Science Translational Medicine  17 Oct 2012:
Vol. 4, Issue 156, pp. 156ec187
DOI: 10.1126/scitranslmed.3005117

HIV is a master at evading the human immune system. Every day, every single base-pair changes, making the virus virtually unrecognizable. This massive diversity in HIV strains makes vaccine development challenging because the optimal target is ever-changing. HIV vaccine design has focused on conserved regions of the virus, but these are usually tucked away inside the virus, protecting them from immune cells. In a recent paper, Redd and colleagues demonstrated that previously transmitted HIV strains are preferentially selected during heterosexual transmission, opening the door to new avenues of vaccine design.

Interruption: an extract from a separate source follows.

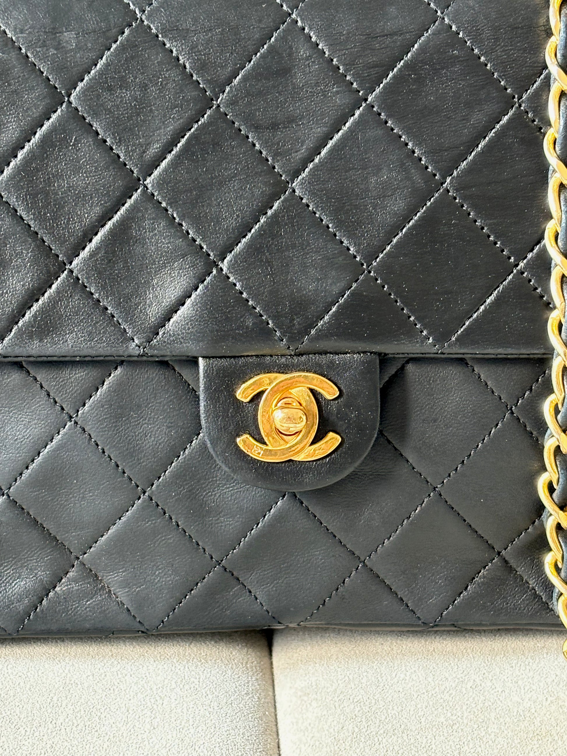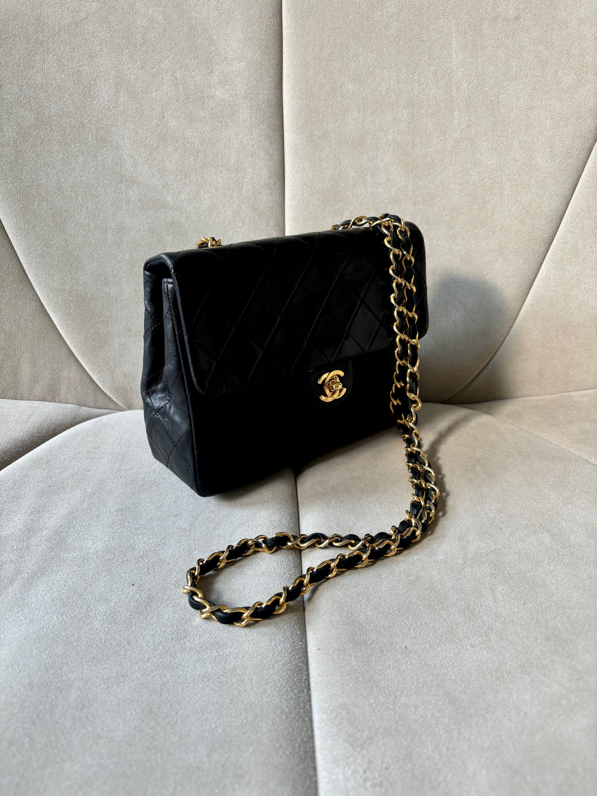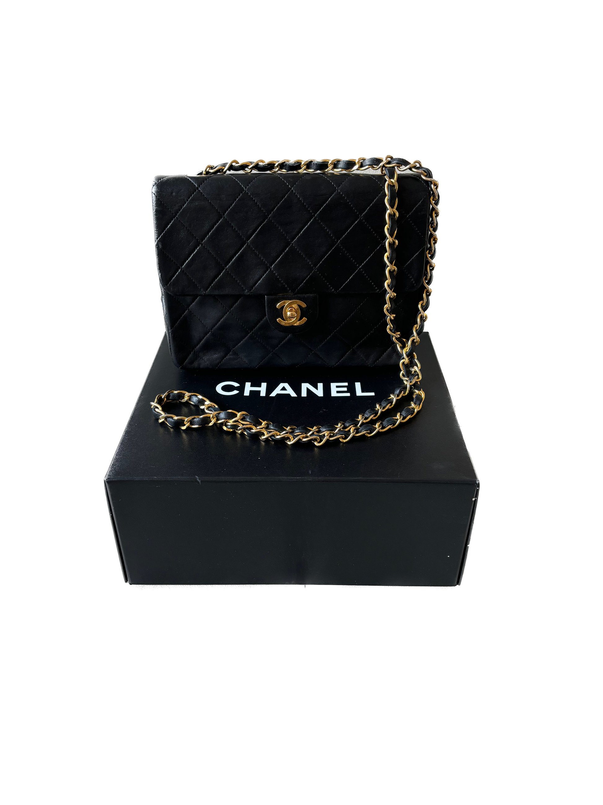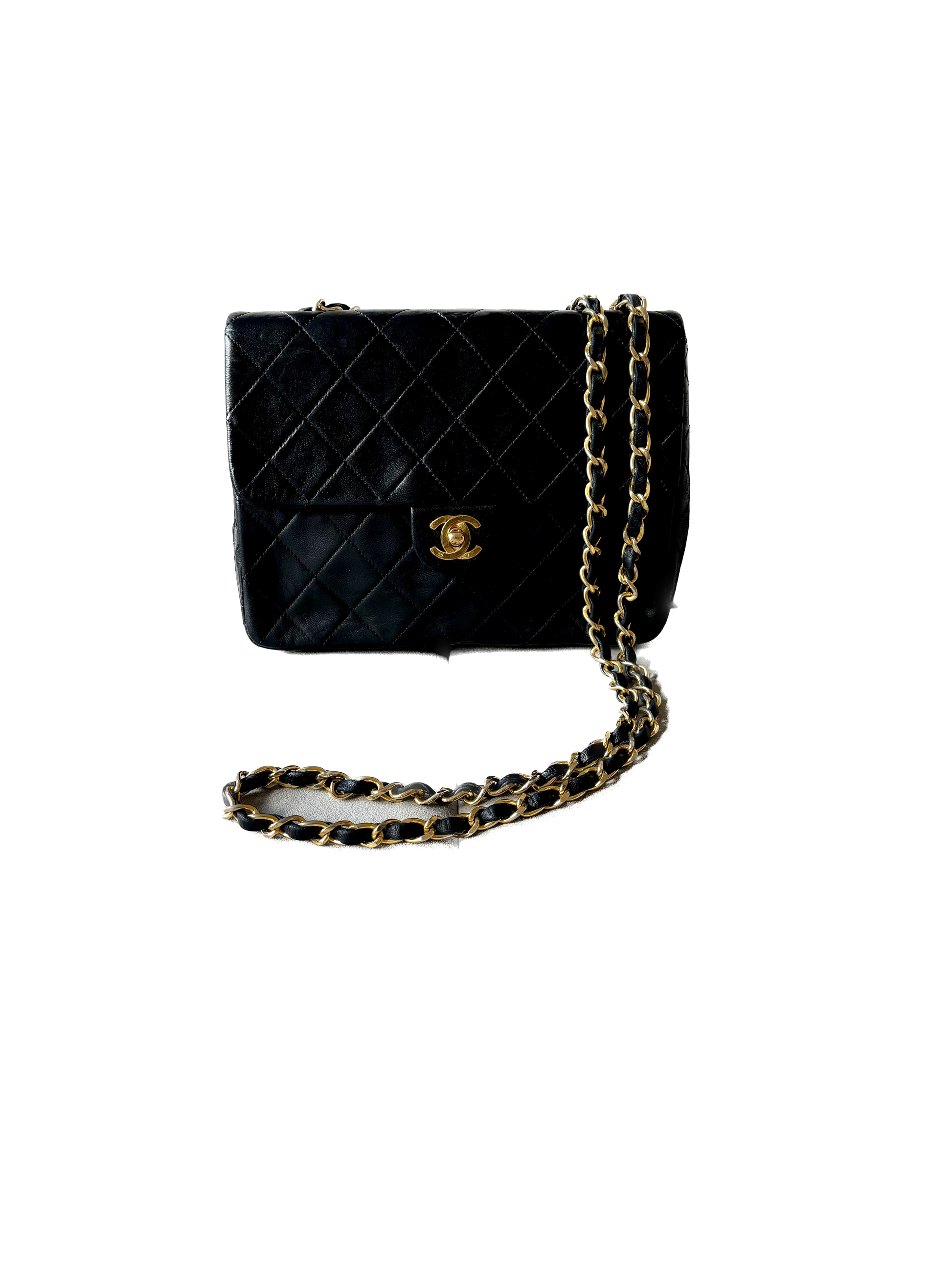 * En cuir d’agneau noir matelassé et bijouterie en métal doré

In a study among couples followed in the Rakai Community Cohort Study in Uganda between 1994 and 2002, interhost and intrahost HIV diversity was analyzed by using HIV sequencing. The authors were able to compare the diversity within an individual over time and identify the strain with which his or her partner was infected. The diversity was greater intrahost than interhost. Further, for the majority of couples, the newly infected partner’s HIV strain was more closely related to HIV found earlier in the infectious partner as compared with those strains circulating at the time of infection. The authors’ findings suggest that, at a population level, ancestral strains of HIV are preferentially transmitted compared with contemporary circulating strains.

This work by Redd et al. has important implications for HIV prevention, specifically HIV vaccine development. Once it is confirmed that ancestral strains are preferentially transmitted, further studies can identify molecular determinants for HIV transmission, and vaccine development can focus on a narrower range of targets.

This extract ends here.